Doug Brown talks to the Free Press about Jospeh trade
Courtesy Winnipeg Free Press:
If you knew nothing of the vast differences between the CFL and NFL, let this week’s controversy around the trade of the CFL’s reigning MVP to Toronto teach you one big thing. Win a championship in America and you can do no wrong as a general manager for three to five years.

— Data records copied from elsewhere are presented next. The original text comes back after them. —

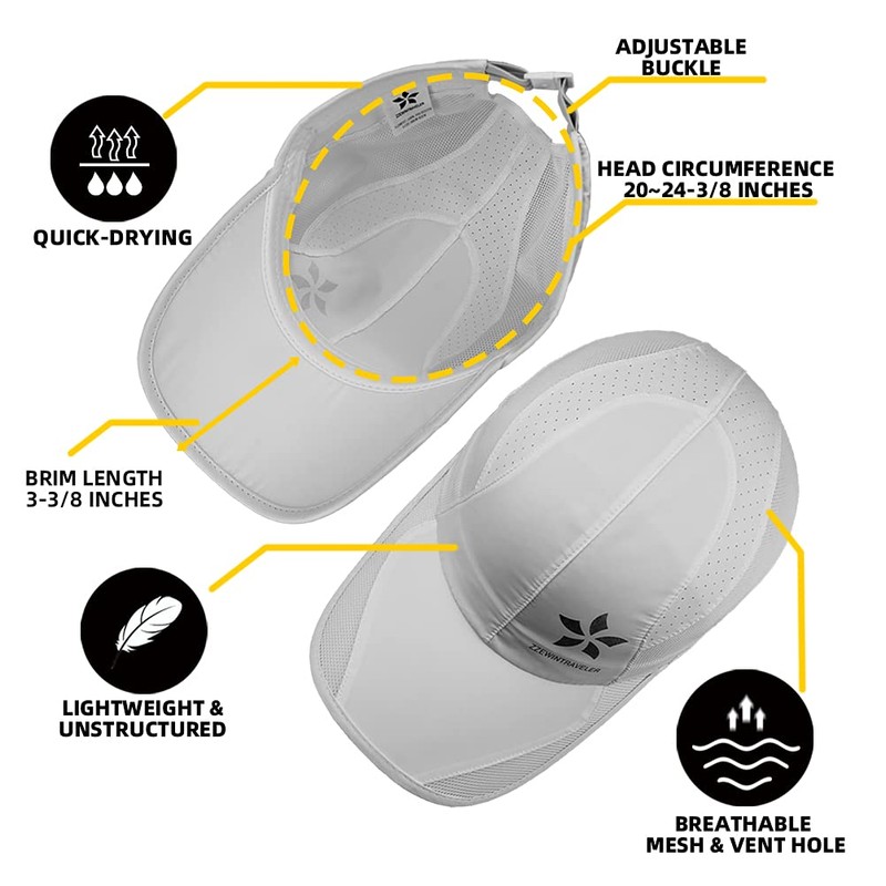 ZZEWINTRAVELER Running Cap for Men Quick Dry Sports Cap Lightweight Breathable Soft Adjustable Hat Unisex (White, Classic Buckle)
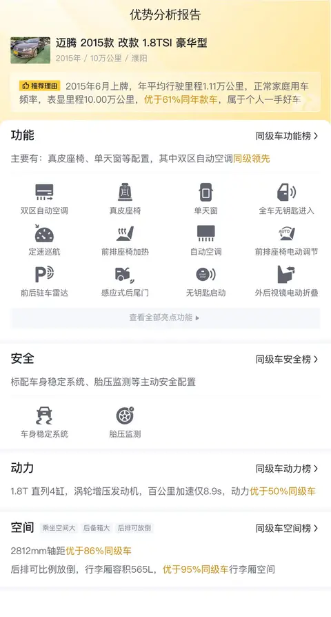 综上所述的用车成本、市场行情、优势分析、同款比价等数据仅供参考,车况信息需要线下结合车辆实际情况进行综合参考,祝您购车愉快!
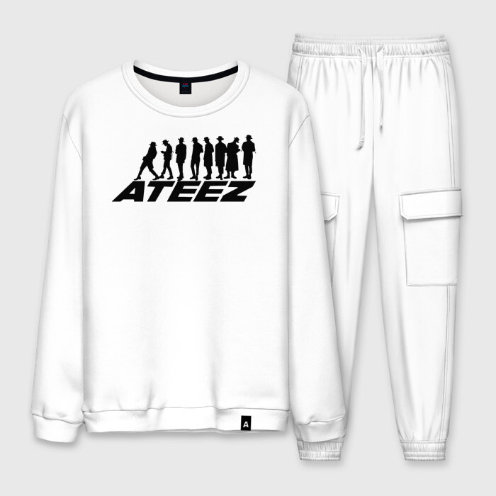 • на свитшоте круглая горловина, мягкая резинка по низу. Брюки заужены к низу, на них два вида карманов: два “обычных” по бокам и два объемных, с клапанами, расположенные ниже линии бедра. Брюки с мягкой трикотажной резинкой на поясе и по низу штанин. В поясе для дополнительного комфорта — широкие завязки
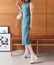 足首まである丈感で細見えするデザイン。
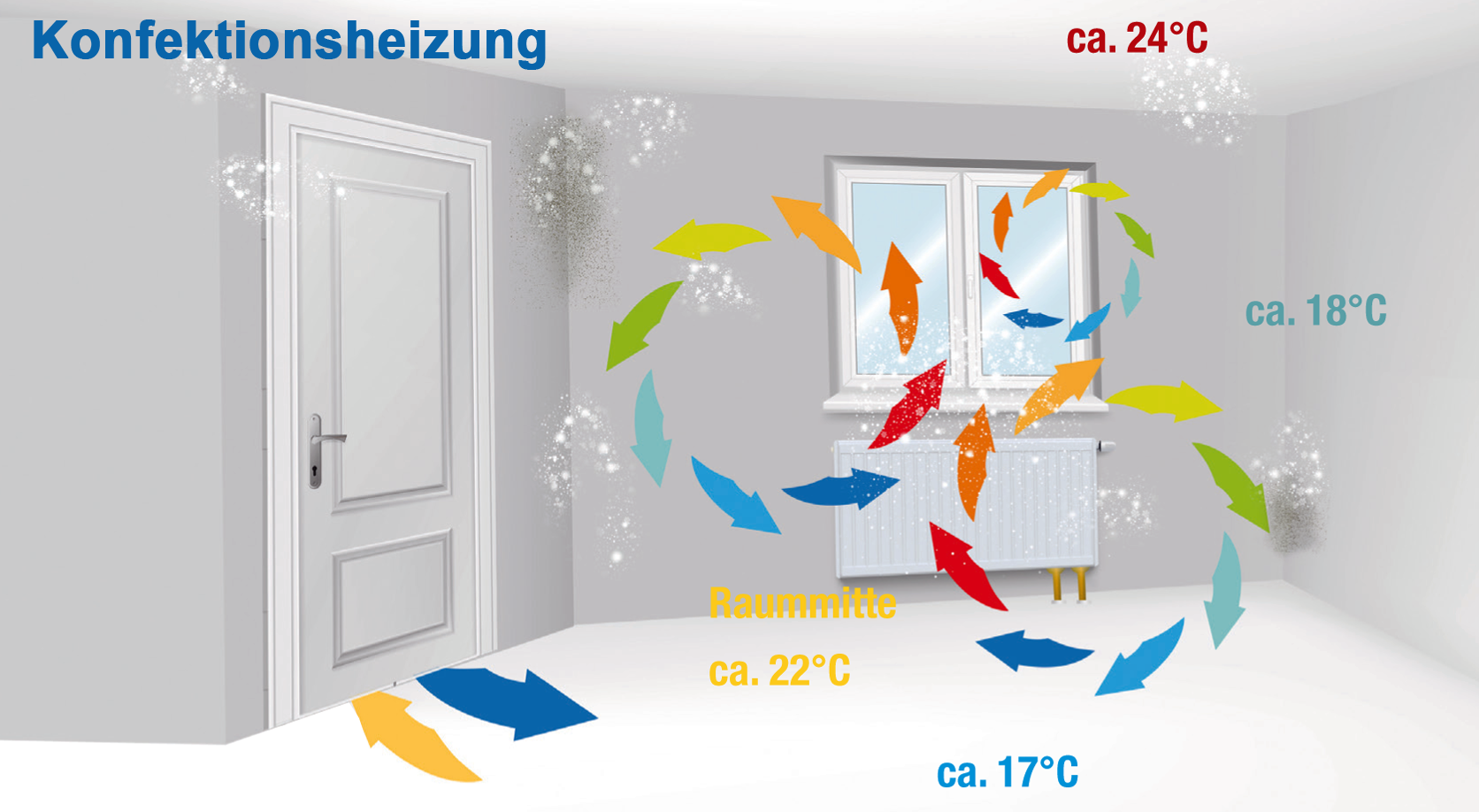 Bei herkömmlichen Heizungen wird die Raumluft erwärmt, somit herrscht keine stetige Temperatur im Raum. Die warme Luft steigt zur Decke, kühlt dort ab, fällt an der Wand nach unten und kehrt abgekühlt über den Boden zurück zum Heizkörper. Staub wird dadurch im Raum aufgewirbelt und Feuchtigkeit dringt in die kühleren Wände ein, sodass Schimmel entstehen kann.
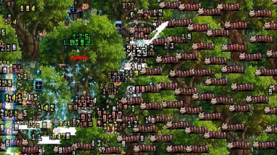 At some point, you'll be able to take a hidden path through the trees, where you'll notice hundreds of Sammy the Caterpillar enemies begin to spawn. Simply stay here and let your character do the work until you kill 6,000 of them. There's no tracker that tells you when you've hit it, so take note of the number of enemy kills you have before you start so you know when it's done.
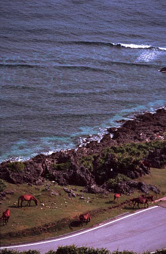 東崎を下った海岸にも与那国馬 親子は必ず3頭連れで歩いていた
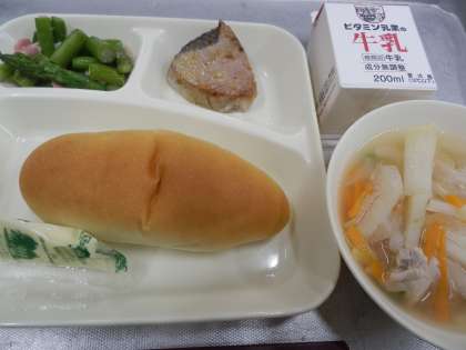 今日の給食は、コッペパン、牛乳、ソフトマーガリン、スープ、かつおのガーリックマヨネーズ焼き、グリーンアスパラガスとベーコンのソテーです。グリーンアスパラガスは、カロテンやビタミンCを多く含みます。また、「アスパラギン酸」という体の疲れをとる働きがある成分も含まれています。グリーンアスパラガスは若い芽と茎の部分を食べる野菜です。畑で芽を出すのは、春先から夏の初めで、この頃にとれるものが、とてもおいしいです。
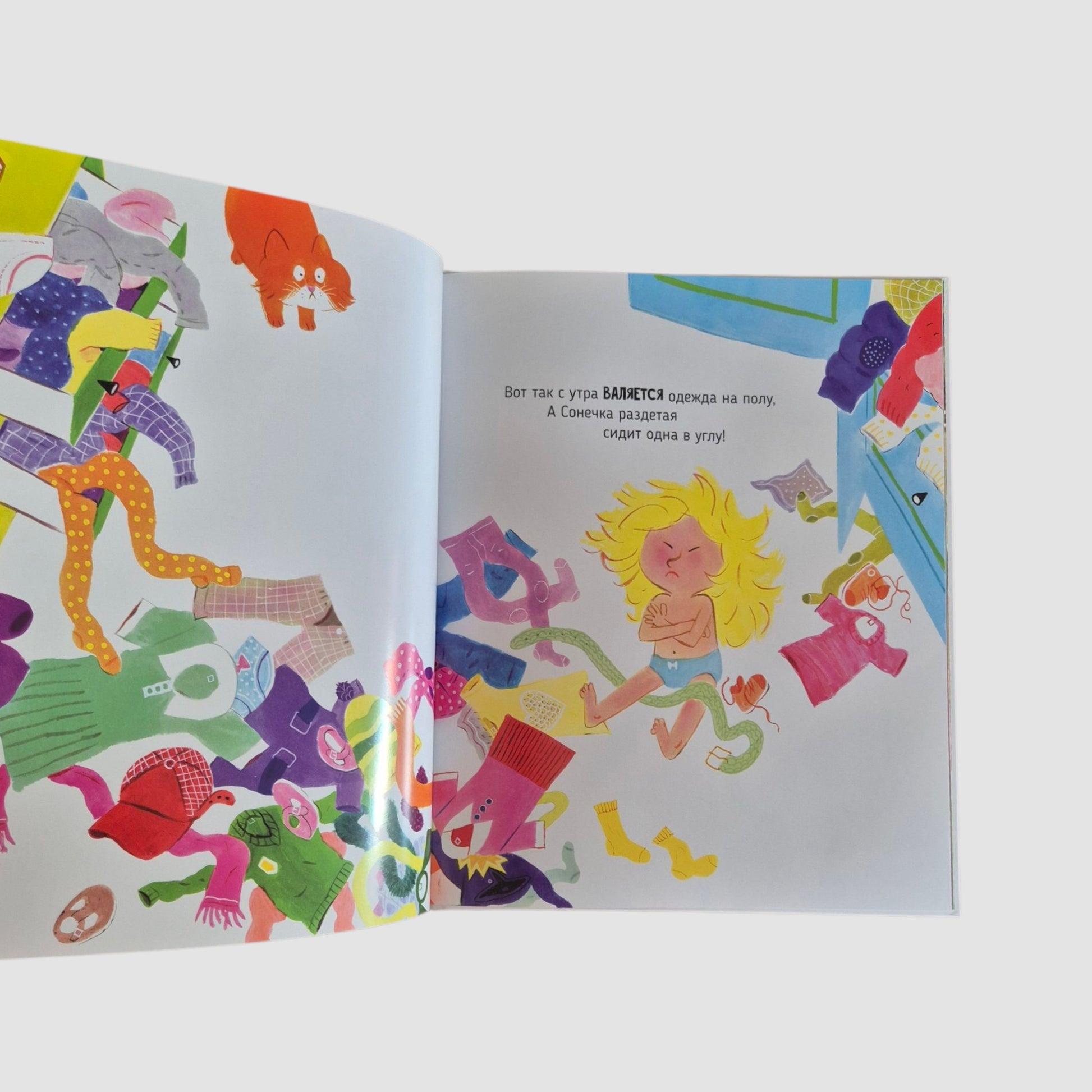 "Сбежавшая одежда" — увлекательная история о том, как вещи могут обидетьсяКаждое утро Сонечка ругает свою одежду. Она совсем не любит ее надевать! Однажды платьица, юбочки, брючки и все-все-все остальные вещи очень обиделись на хозяйку. Ведь девчушка очень плохо обращается с ними! Что будет, если они решат проучить Сонечку?

Win a Grey Cup in Canada, and you are back on the spit being slow-roasted less than four months after the coup de grace.
To say that Saskatchewan Roughriders GM Eric Tillman is feeling some heat after what can be classified as the first trade of its kind in the history of the CFL — swapping the league MVP before his crown has even been properly fitted — is as much an understatement as me saying I think I have an outside shot at winning my bet with offensive lineman Matt Sheridan, who vows to lose some 50-odd pounds and weigh in for camp at no more than 320 pounds in just over two months.
From the fans to the scribes to the pundits, precious few are trusting in the fact that Eric Tillman has won some three Grey Cups in his tenure in the CFL and may actually know what he is doing. But that’s not to say I don’t have my own reservations about the snowball that started rolling in Regina with the losses or trades of Corey Holmes, Fred Perry and Reggie Hunt — and that became a near-avalanche with the loss of head coach Kent Austin and now the trade of MVP quarterback Kerry Joseph.